Some migrants' parenting practices impact above all on the majority society's vision of childhood, which is totally child-centred, centred on play and carefreeness, but are also considered detrimental to the values of dignity, freedom, self-determination and psycho-physical integrity.
In the legal sphere, they are often given weight in the evaluation of parental competence, in proceedings concerning the declaration of the state of abandonment and/or adoptability, leading to the child's removal from his or her parents, temporary or definitive, or to a structuring of the parental relationship reduced to a minimum through meetings in protected facilities. Law No. 184 of 1983 and the jurisprudential interpretation of its rules on adoption and the state of abandonment, however, establishes that the child's overriding interest is to grow up in his or her family of origin, unless dire sources of harm are identified.
According to these principles, the assessment of parental adequacy should not include comparisons between the economic conditions of foster families and their original families, nor should it stigmatise hypotheses of 'weak parenting' that needs to be supported by the social welfare system. On the subject of fostering, adoption and the state of abandonment, it has been repeatedly stated that the persistence of the state of abandonment must be assessed on the concrete and current conduct of the parents rather than on past facts. Just as certain practices in their equivocal interpretation are deemed to affect the child's rights to psycho-physical integrity, health and education, removal from the family unit potentially in turn causes damage to the child's psycho-physical integrity, cultural (art. 2 Const.), religious and spiritual identity - often impossible to cultivate when the child is entrusted to Italian families at a tender age and destined to meet the biological parents only for short periods of time - as well as to the right to private and family life (art. 8 ECHR).
​11.   Does the practice perpetuate patriarchy?

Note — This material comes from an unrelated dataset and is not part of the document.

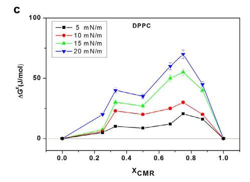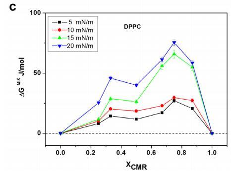 CMR/DPPG 混合膜的 ?Ge 和 ?Gmix 表示負(fù) 從 XCMR ≥ 0.25 到 XCMR = 1.0 的偏差(圖 7a 和 8a)。 ?Ge 和 ?Gmix 負(fù)值表明 CMR/DPPE 單層是 熱力學(xué)穩(wěn)定(圖 7b)。 ?Ge 和 ?Gmix 值為 DPPC 混合單層陽(yáng)性,表明不混溶 (圖 7c 和 8c)。 分子之間的距離取決于 在導(dǎo)致排斥的磷脂頭部基團(tuán)上 互動(dòng)(邁爾斯,1999 年;博格斯,1987 年)。

In some cases, there may be educational/parenting models that have a different determination of gender roles in the family of origin compared to the host society model: for example, giving more allowance to the male child and less to the female child; dividing domestic tasks unequally by having only the female children do the cleaning and tidying up of the house and relieving the male children; feeding the male children more than the female children. Apart from cases in which discrimination results in situations of humiliation and suffering for girls, it should be borne in mind that diversified parenting practices in the care and upbringing of male and female children do not always correspond to patriarchal logics: in fact, they may serve to prepare young people for their future gender roles, reproductive functions and to make them familiar with certain activities (e.g. differentiated games between boys and girls).
 
12.  What good reasons does the minority present for continuing the practice? The criterion of an equally valid life choice.
The different parenting behaviours practised by minorities are perceived by them as the most appropriate in order to raise and educate their offspring, leading them to consider different practices as incorrect or detrimental. Furthermore, the family, and thus different parenting models, are fundamental in transmitting the shared values of the group to which they belong to an intergenerational level. Often, in migratory contexts, the upbringing of sons/daughters according to the model proposed by one's own community is perceived as fundamental in order to maintain a strong bond with one's own cultural experience.